For the records that follow, restate each one word for word and leave the images behind.
[Records for processing Boundary: Start]
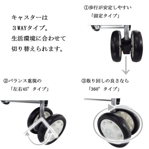 ●前輪は固定、左右45度、360度のいずれかに設定可能な3WAYタイプ
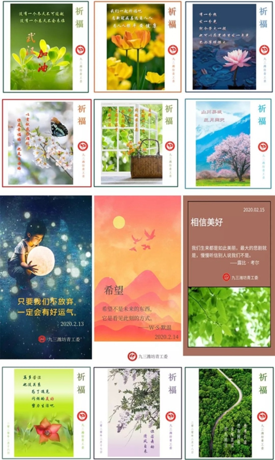 九三学社潍坊青工委响应社市委号召,积极发动青年社员,围绕抗疫主题,创作一批“日签”图文作品,通过搜集温暖和激励人们心灵的名人名言、社科知识等,形成分享座右铭和人生感悟的窗口,为武汉加油,为平安祈福,为抗疫贡献智慧和力量。截止目前,已累计创作日签作品10余幅,由青工委副主任岳连红、冯君妍,委员马云云、沈法鹏、文居亭、杨淼淼、周雪梅参与创作。
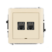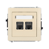 Mechanizm gniazda komputerowego podwójnego 2xRJ45, kat. 8, ekranowany, 8-stykowy, bez pola opisowego Karlik seria DECO 1DGKBO-12 kolor beżowy
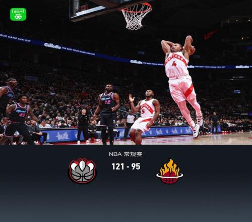 第四節(jié)猛龍珀爾特爾拿下7分,熱火凱沙德-約翰遜拿下7分,最終猛龍121-95戰(zhàn)勝熱火
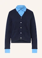 maje Strickjacke im Materialmix: DUNKELBLAU / HELLBLAU
[Records for processing Boundary: End]
▶ _Result_
 ●前輪は固定、左右45度、360度のいずれかに設定可能な3WAYタイプ
 九三学社潍坊青工委响应社市委号召,积极发动青年社员,围绕抗疫主题,创作一批“日签”图文作品,通过搜集温暖和激励人们心灵的名人名言、社科知识等,形成分享座右铭和人生感悟的窗口,为武汉加油,为平安祈福,为抗疫贡献智慧和力量。截止目前,已累计创作日签作品10余幅,由青工委副主任岳连红、冯君妍,委员马云云、沈法鹏、文居亭、杨淼淼、周雪梅参与创作。
 Mechanizm gniazda komputerowego podwójnego 2xRJ45, kat. 8, ekranowany, 8-stykowy, bez pola opisowego Karlik seria DECO 1DGKBO-12 kolor beżowy
 第四節(jié)猛龍珀爾特爾拿下7分,熱火凱沙德-約翰遜拿下7分,最終猛龍121-95戰(zhàn)勝熱火
 maje Strickjacke im Materialmix: DUNKELBLAU / HELLBLAU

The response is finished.